--- Exercise details ---
Would you copy the records below, exactly and only from their first line through the line containing "They were worried", without any pictures?

--- Record extracts ---
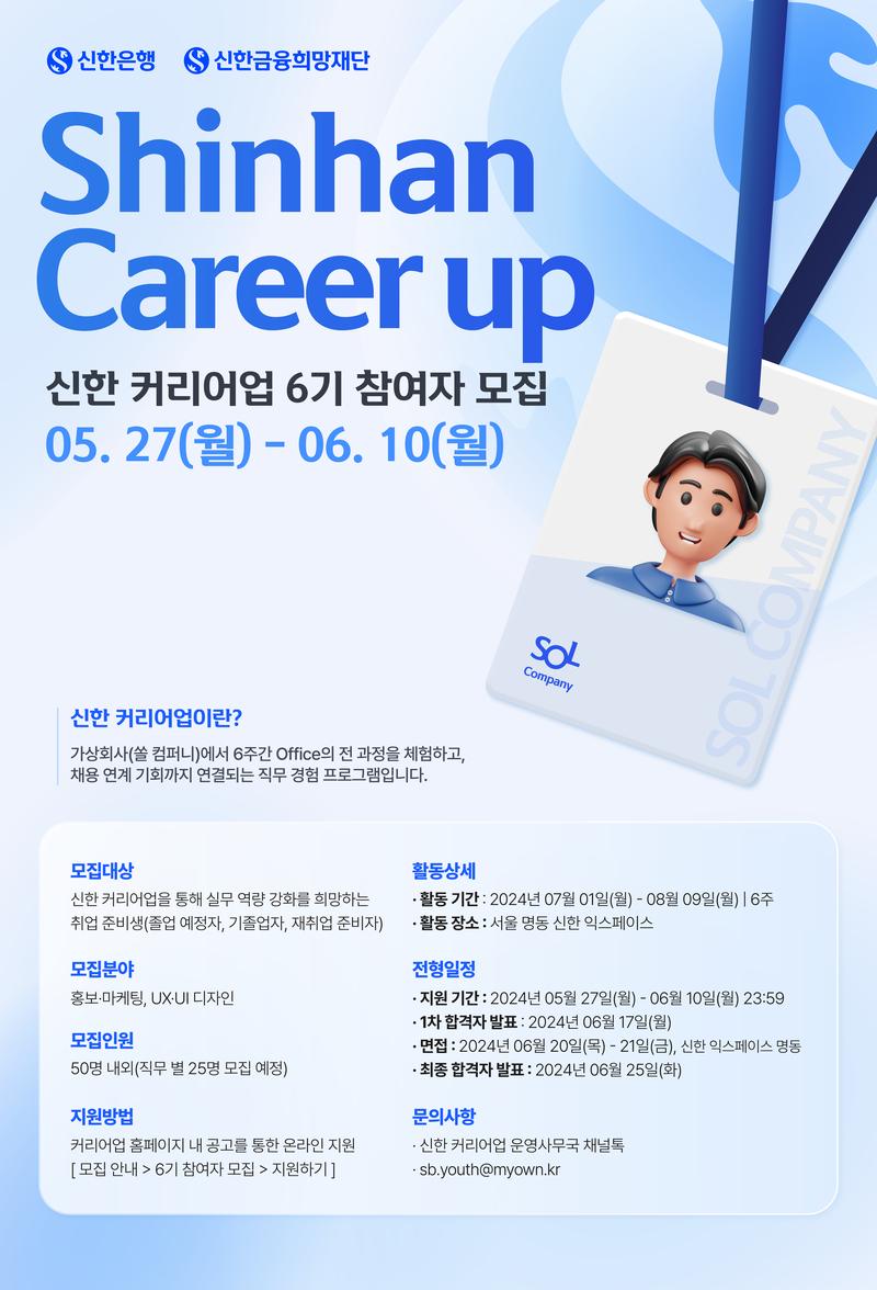 [신한은행/신한금융희망재단] 신한 커리어업 6기 참가자 모집 (~6/10)
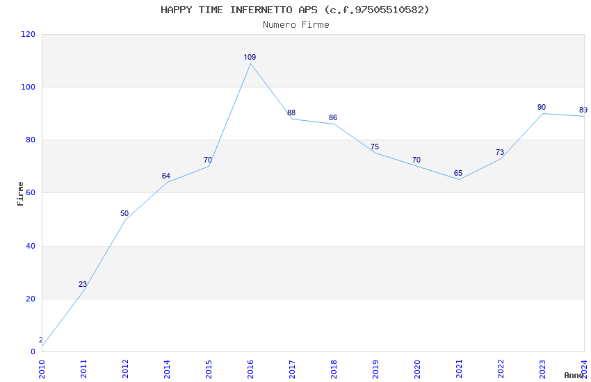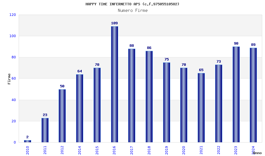 | Anno | Firme | Importi | Media | Naz. | Reg. | Prov. | Comu. |
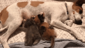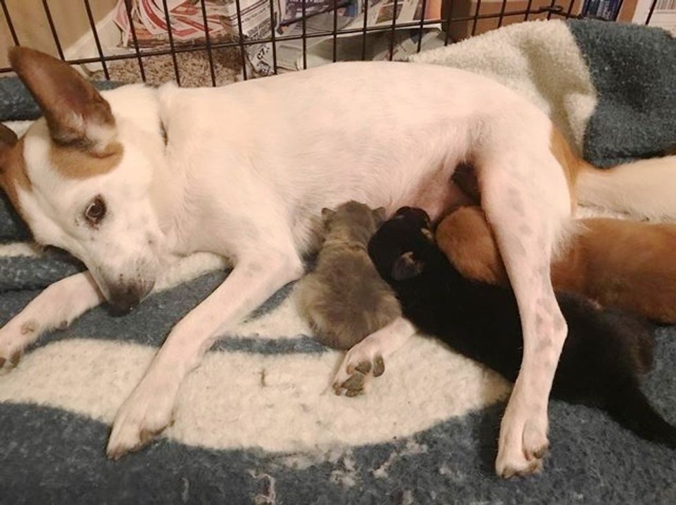 They were worried that the kitten might have trouble nursing alongside the puppies because they were much bigger, but the little feisty kitty surprised them by pushing the puppies out of the way to nurse.
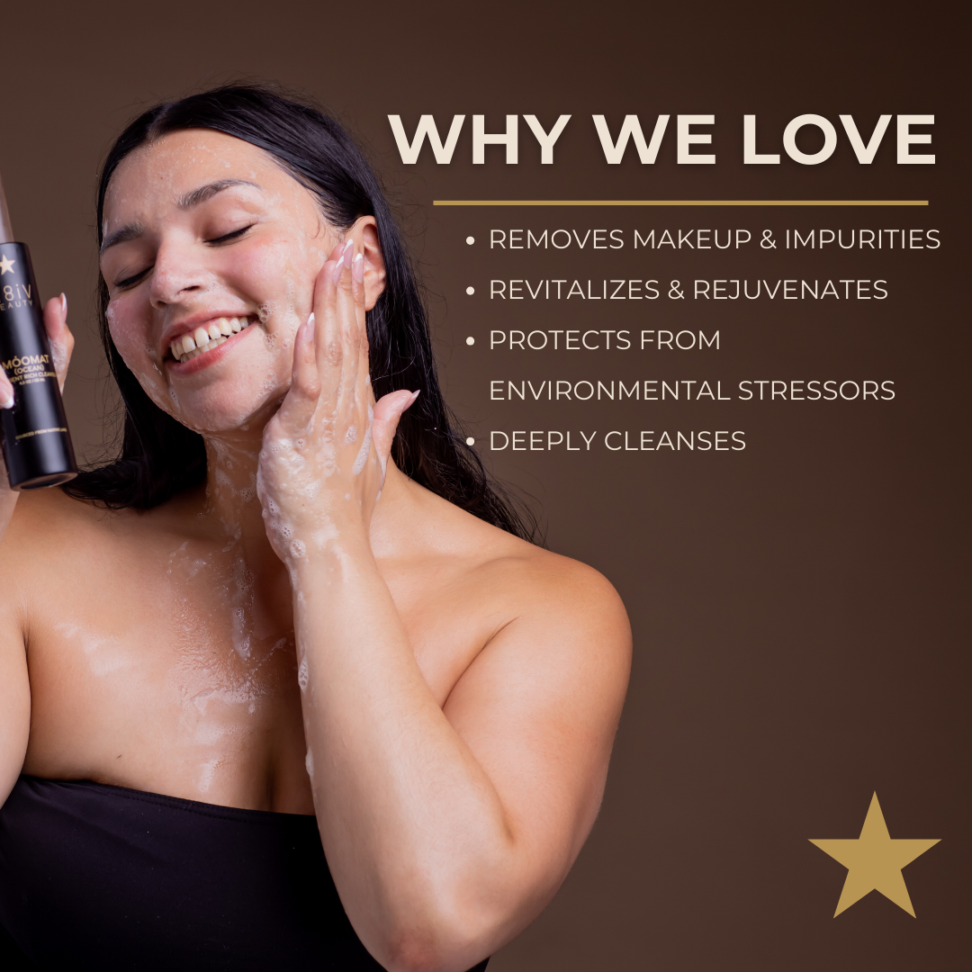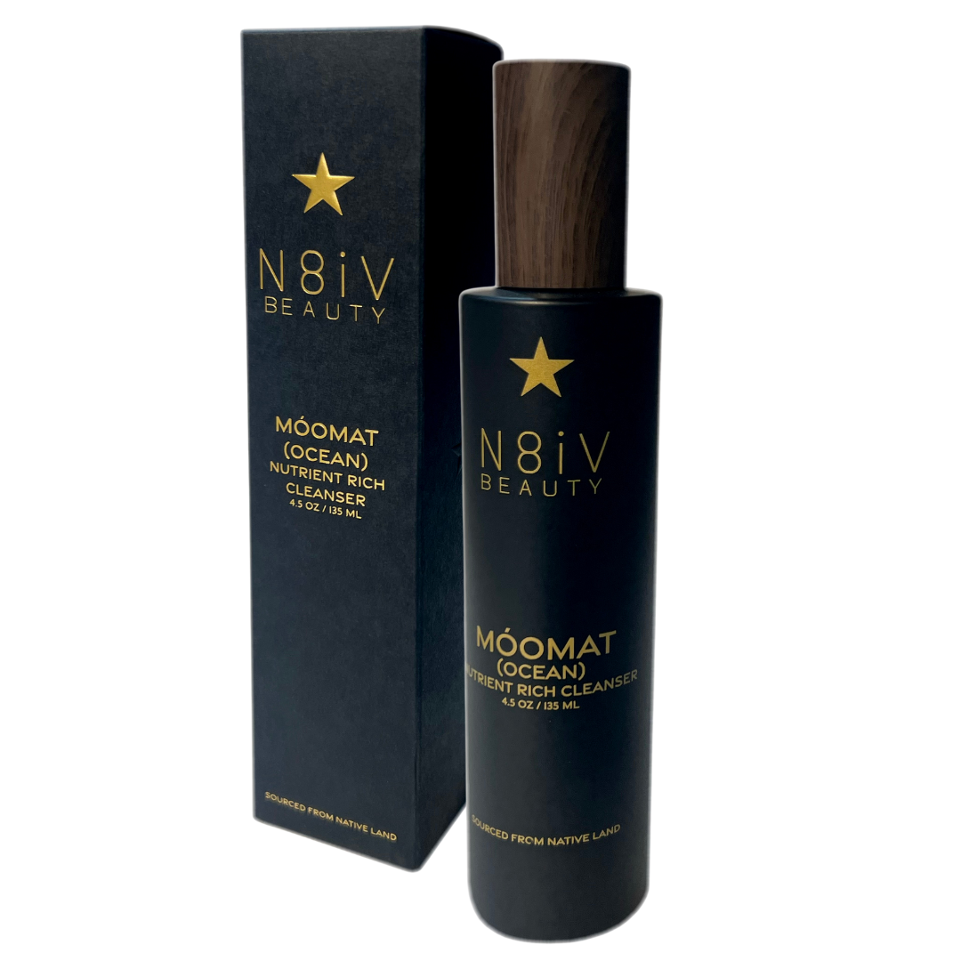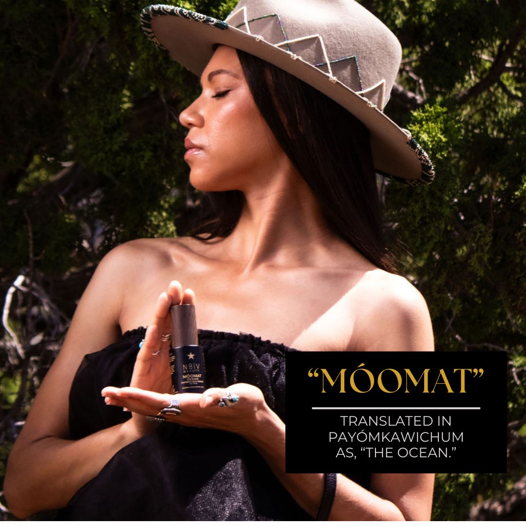 Móomat, translated as "Ocean", in Payómkawichum. These are two hero products that serve to cleanse the skin and rejuvenate with a deeply nourishing serum.
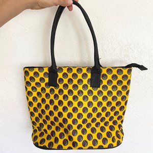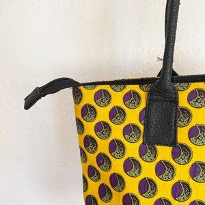 Color: Yellow w/ Purple & Sage Print Circles and Black Leather/Interior
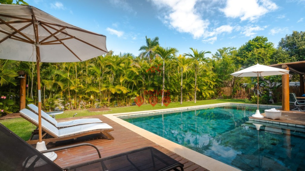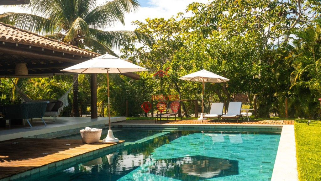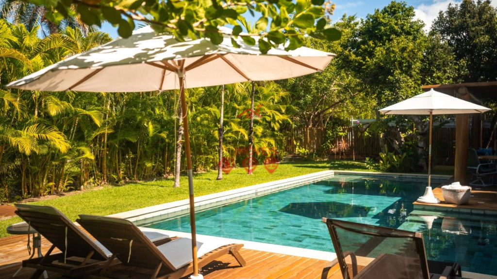 Uma piscina privativa com espaço para relaxar e se divertir sob o sol baiano.

--- Response below ---
 [신한은행/신한금융희망재단] 신한 커리어업 6기 참가자 모집 (~6/10)
 | Anno | Firme | Importi | Media | Naz. | Reg. | Prov. | Comu. |
 They were worried that the kitten might have trouble nursing alongside the puppies because they were much bigger, but the little feisty kitty surprised them by pushing the puppies out of the way to nurse.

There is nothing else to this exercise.